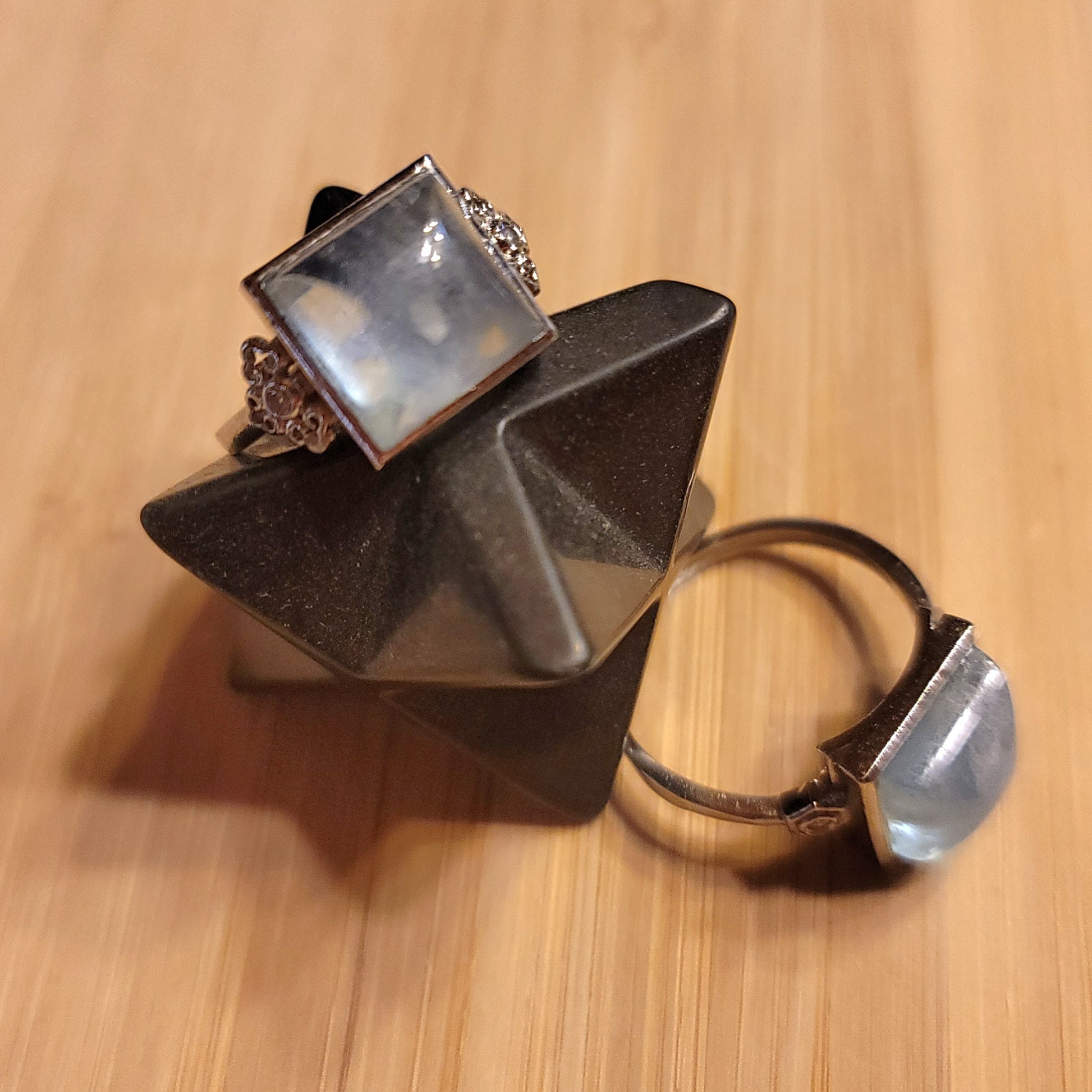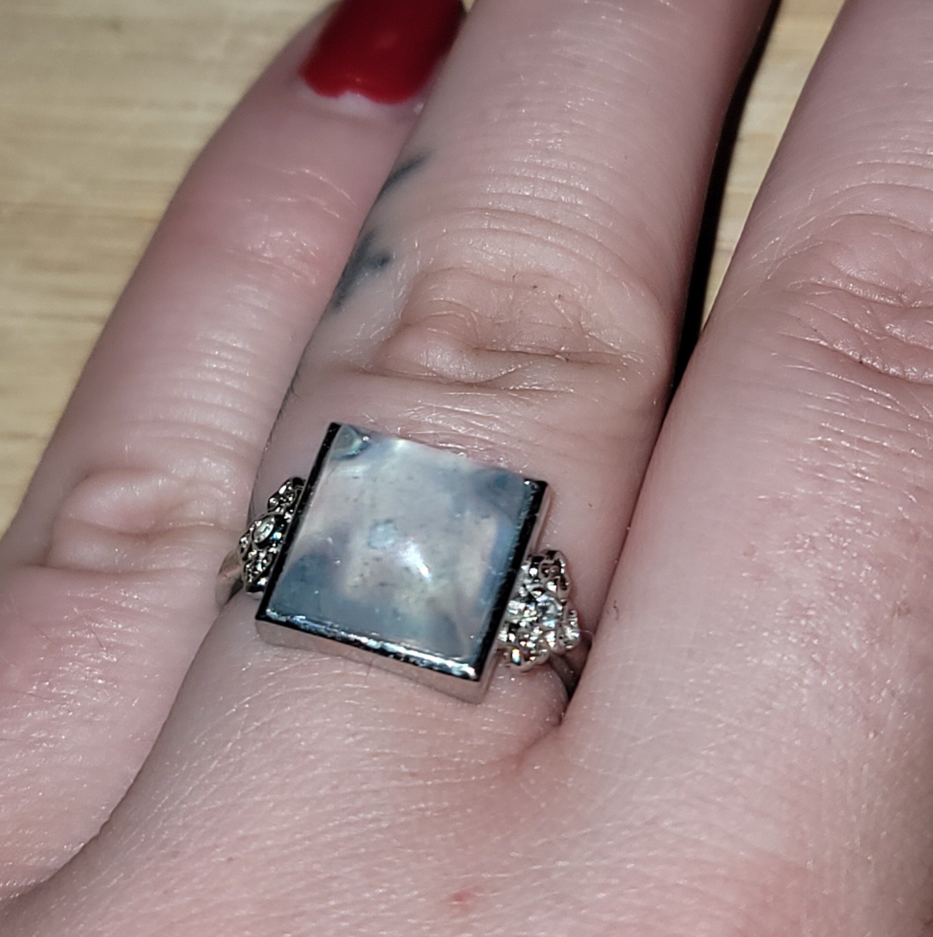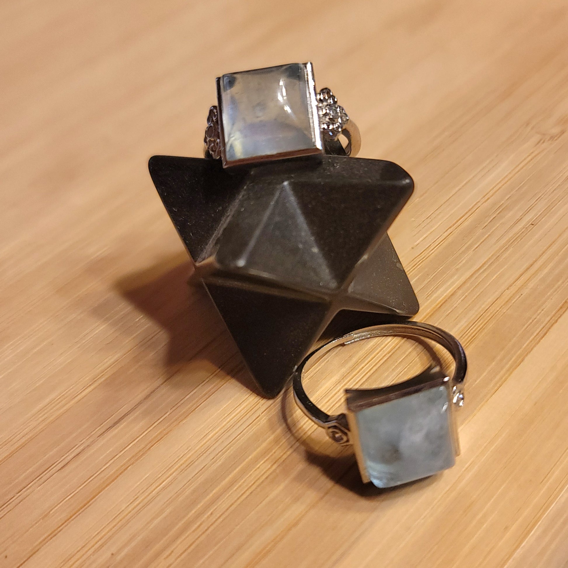 Square cut aquamarine ring. Ring is sterling silver and adjustable.
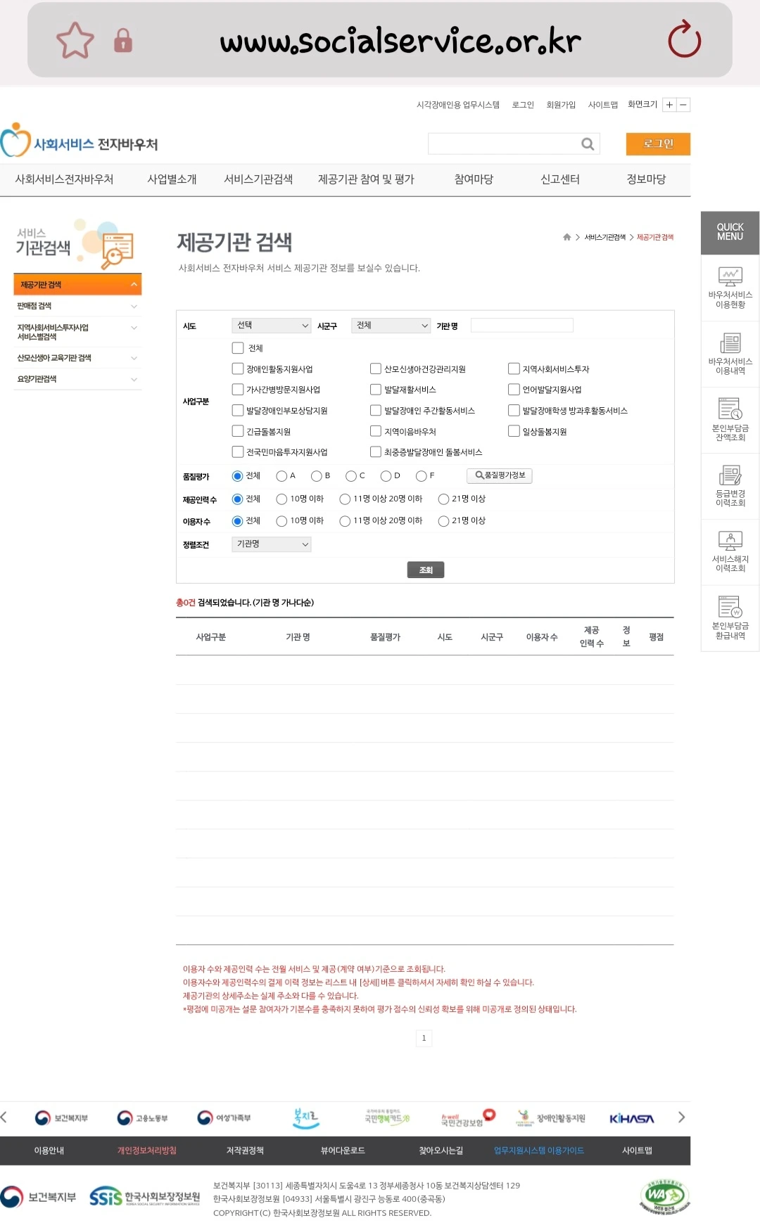 제공기관 확인 : 사회 서비스 전자바우처 홈페이지
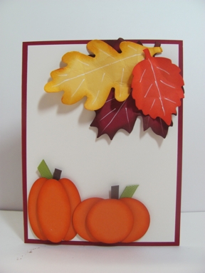 When I looked at the picture I saw the leaves and the pumpkins so that is what I went with for my card. I used our new Autumn Accents Bigz die to cut out some leaves and my punches to create some pumpkins. I used a white gel pen to add some veins to my leaves. Here is my creation.
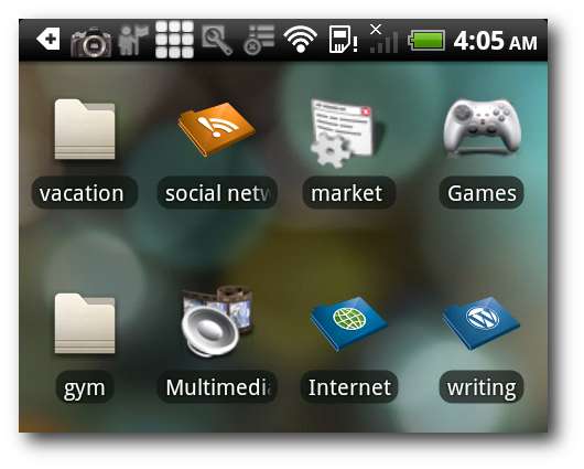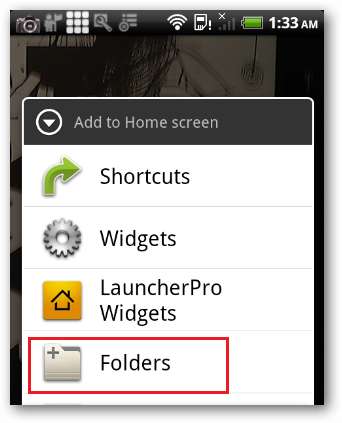 Đây là cách tạo các thư mục trên màn hình chính của bạn — chạm và giữ màn hình chính trong vài giây để hiển thị menu “Thư mục”.
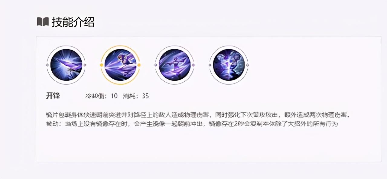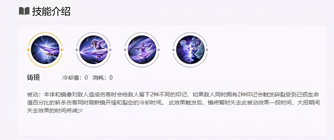 被动:镜的被动,用技能时会出来镜像,两者同时攻击敌人的话回提高受到的伤害 。同时会刷新技能。

——

* Exercise: All records above are to be repeated exactly, with the images left out.

* Exercise answer:
 Square cut aquamarine ring. Ring is sterling silver and adjustable.
 제공기관 확인 : 사회 서비스 전자바우처 홈페이지
 When I looked at the picture I saw the leaves and the pumpkins so that is what I went with for my card. I used our new Autumn Accents Bigz die to cut out some leaves and my punches to create some pumpkins. I used a white gel pen to add some veins to my leaves. Here is my creation.
 Đây là cách tạo các thư mục trên màn hình chính của bạn — chạm và giữ màn hình chính trong vài giây để hiển thị menu “Thư mục”.
 被动:镜的被动,用技能时会出来镜像,两者同时攻击敌人的话回提高受到的伤害 。同时会刷新技能。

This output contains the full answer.